**Exercise input:**
Start of Block

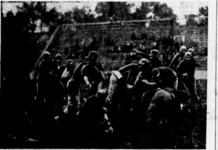
THEN, IN 1913 . . . Ohio State's first football team looked like this in action. The dress of the official is different today, and the outfits of the players. But the biggest differences at Ohio State are in the stadium and in the size of the crowds.

Ohio State's first football team looked like this in action. The dress of the official is different today, and the outfits of the players. But the biggest differences at Ohio State are in the stadium and in the size of the crowds.
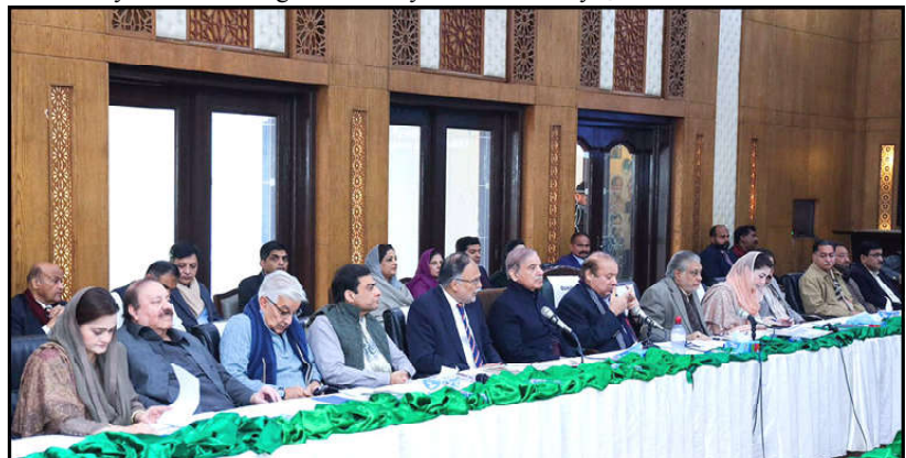
LAHORE: PML (N) Quaid Muhammad Nawaz Sharif and President Shahbaz Sharif presiding over a meeting of Parliamentary Board

cedent against political persecution. Bilawal criticized the trend of personal animosity in Pakistani politics, attributing its rise to the founder of the Pakistan Tehreek-e-Insaf (PTI) party. He challenged the rhetoric of refusing to engage with opponents, questioning the legitimacy of those who once accused others of being "thieves." "Until we make this decision," Bilawal declared, "it doesn't matter who becomes the prime minister. If we continue with the old politics, the country will not run, and we will not overcome our economic problems." His call for a shift in political culture emphasized the need for moving beyond personal attacks and focusing on issues of national concern.
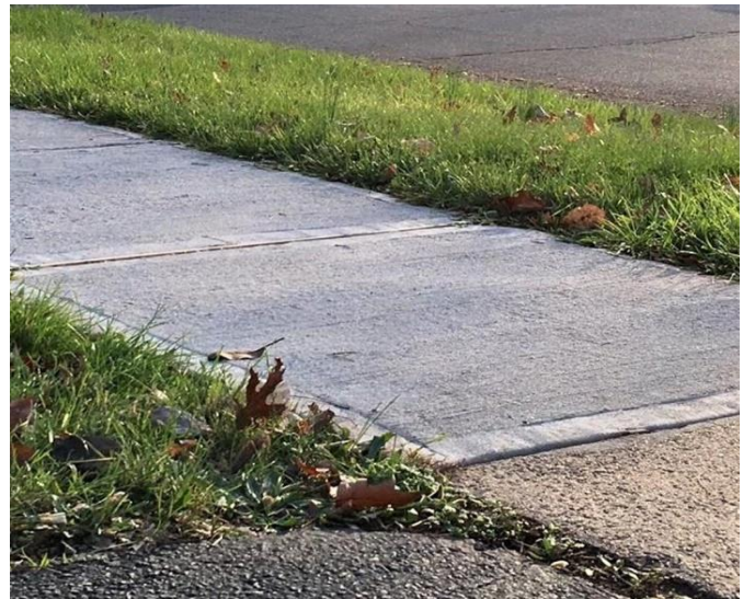
FINAL PHASE OF GREENHILL PROJECT TO BE COMPLETED

“New sidewalk from Airport Road to Vincent Massey.”
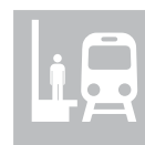
RAILWAY STATION & METRO
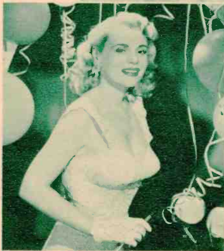
← MARIE WILSON does not object to the comments made about her curvaceous figure.
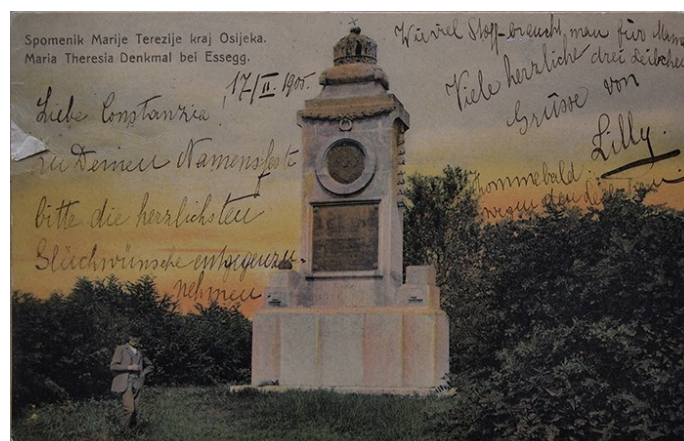
5 Monument to Maria Theresia and Joseph II, erected in Osijek in 1779, postcard. State Archives in Osijek, collection of postcards (photo © State Archives in Osijek)
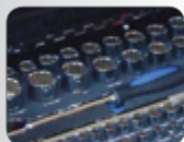
EVA Foam Storage System
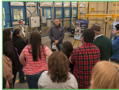
Members were able to see one of the permacons located at Material Disposal Area G
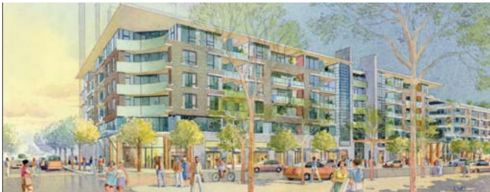
With any real estate development, location is a prime attribute. This is especially true for a Tapestry community.

With any real estate development, location is a prime attribute. This is especially true for a Tapestry community. Built to meet the highest industry standards, each Tapestry community is situated in a diverse neighbourhood within easy reach of the area's best attractions and destinations. Nearby there are shops and
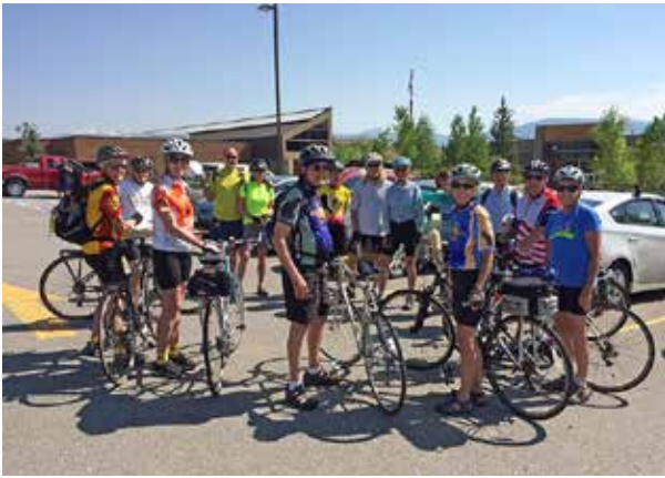
One of the groups gathering in Frisco where the rides began and ended.
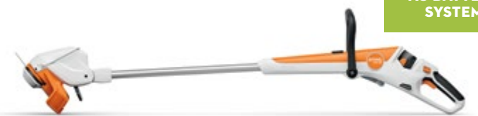
FSA 30 BATTERY GRASS TRIMMER
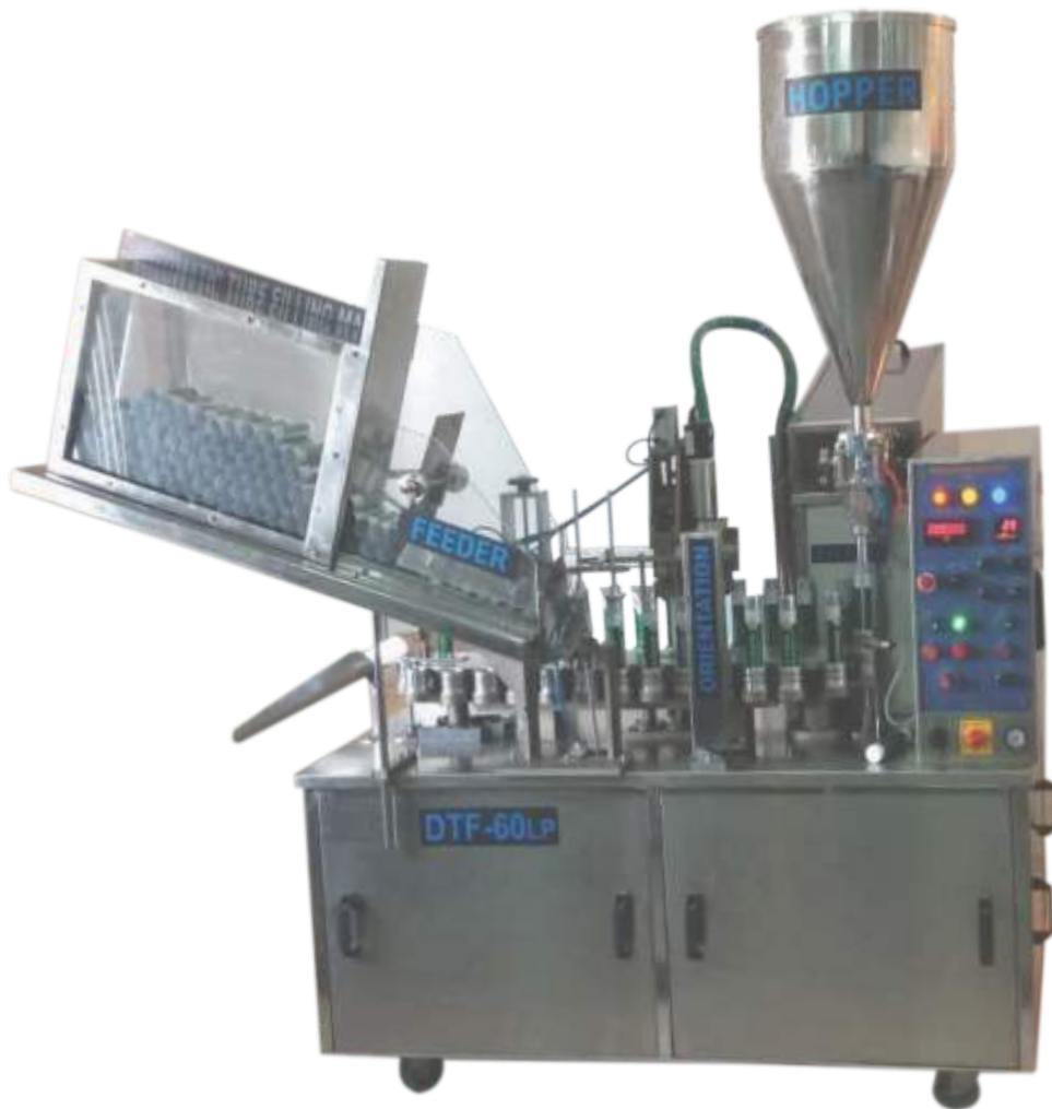
AUTOMATIC LINEAR LAMI TUBE FILLING MACHINE Output : 60 tubes per minute

End of Block

**To do:** Show each line of the listing that holds the string "Ohio".

**Result of the exercise:**
THEN, IN 1913 . . . Ohio State's first football team looked like this in action. The dress of the official is different today, and the outfits of the players. But the biggest differences at Ohio State are in the stadium and in the size of the crowds.
Ohio State's first football team looked like this in action. The dress of the official is different today, and the outfits of the players. But the biggest differences at Ohio State are in the stadium and in the size of the crowds.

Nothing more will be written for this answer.